Geopolitical Risk Index: As with the Economic Policy Uncertainty Index, we wanted to investigate how uncertainty related to geopolitical events impact the financial markets. Furthermore, we also expect the Volatility Index to rise as the Geopolitical Risk Index rises, as we expect uncertainty around geopolitical events to cause uncertainty within the financial markets.

By using the best machine learning model for this dataset, we hope to accurately predict how volatility rates will be impacted as we see various economic factors fluctuate. During the model implementation phase, we will compare model performance on a ridge regression, lasso regression, random forest, and gradient boosting models. To evaluate our models models, we will use ajusted R-squared and mean standard error.

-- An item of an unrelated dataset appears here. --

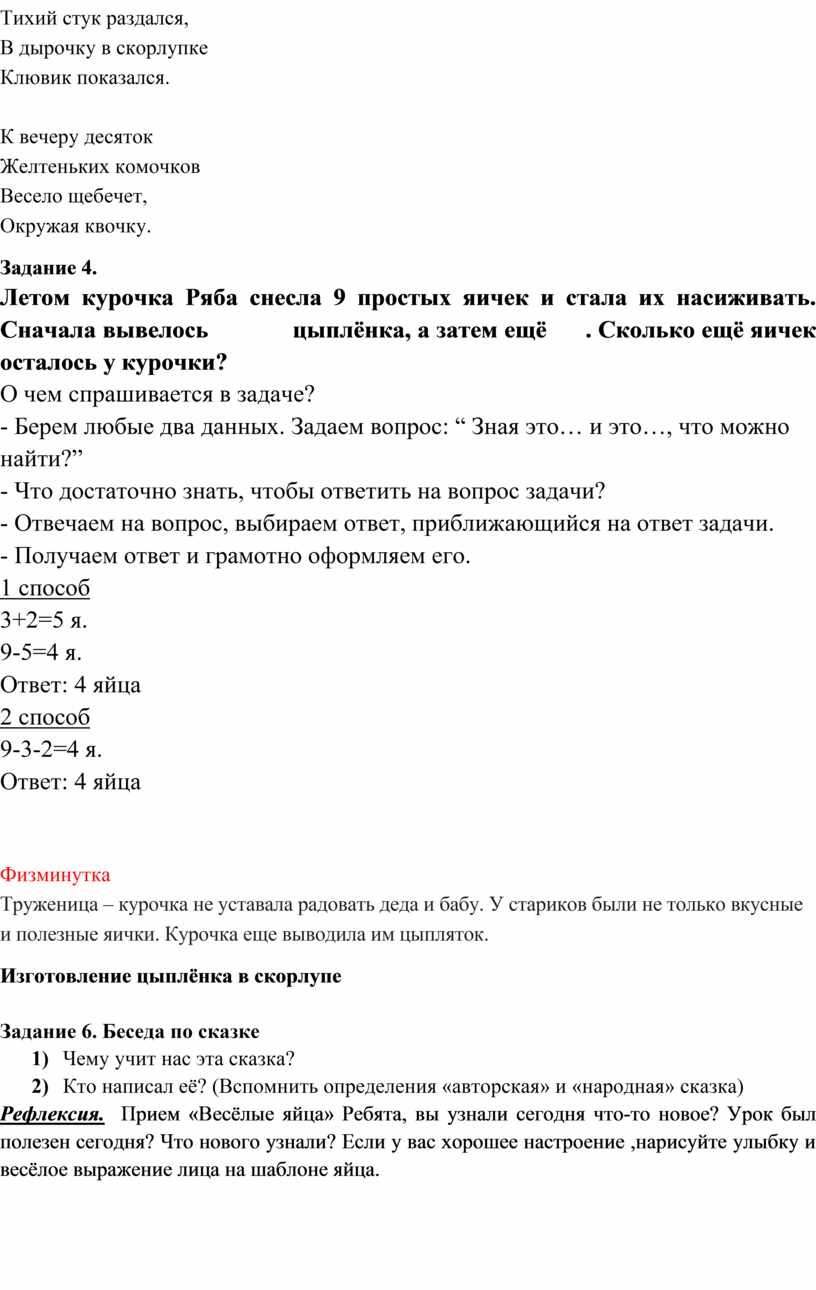 Летом курочка Ряба снесла 9 простых яичек и стала их насиживать. Сначала вывелось цыплёнка, а затем ещё . Сколько ещё яичек осталось у курочки?

For forecasting future price movements, we plan to analyze long-term trends focusing on monthly and yearly patterns using the date variable. By examining aggregated data across these longer intervals, we can identify consistent patterns that can show us how long-term market movements influence future price forecasts and volatility levels. We will accomplish this through time-series analysis of historical stock market data using the ARIMA and run evaluation on the model. To evaluate our model, we will use AIC and root mean standard error.

Weekly plan

Week of 11/3 - Data retrieval and EDA
- For this week, we will load in the datasets and begin to explore and analyze our various datasets. Some of the tasks that we will perform this week include running descriptive statistics on variables, exploring distributions of variables, checking for normality, analyzing correlations between variables, and so on.
- Nicholas will be responsible for performing these tasks, while John and Zuleima will be responsible for reviewing this code and information following completion of the EDA.
Week of 11/10 - Pre-Processing
- For this week, we will perform pre-processing steps, including handling missing values, standardizing variables, handling skew, dealing with highly correlated variables, performing PCA, and so on.
- John will be responsible for handling missing values and standardizing variables, Zuleima will be responsible for handling skew within the data and dealing with highly correlated variables, and Nicholas will be responsible for performing PCA.
Week of 11/17 - Model Implementation
- For this week, we will begin training our models and searching for the best fitting model.
- Nicholas and John will be responsible for training the model for question #1 (predicing volatility within the financial markets), whereas Zuleima will be responsible for training the model for question #2 (predicting future price movements and assessing market volatility).
Week of 11/24 - Finalize Model Implementation
- This week, we will finalize our model implementation.
- John and Zuleima will be responsible for finalizing model implementation on question #1, whereas Nicholas will be responsible for finalizing model implementation on question #2.
Week of 12/1 - Model Evaluation
- This week, we will evaluate our models and assess model performance.
- Nicholas and Zuleima will evaluate the model for question #1, whereas John will evaluate the model for question #2.
Week of 12/8 - Result Interpretation
- This week, we will interpret the results from our models.
- Zuleima will be responsible for interpreting the model for question #1, whereas Nicholas and John will be responsible for interpreting the model for question #2.
- Halfway through the week, we will switch to ensure that everyone on our team gets the opportunity to interpret the results from each model.
- While evaluating and interpreting the results from our models, we will each work on compiling our analysis within the report to ensure that everyone contributes their feedback on each of the models.
Week of 12/15 - Finalize report/presentation and submit
- This week, we will finalize our report and presentation.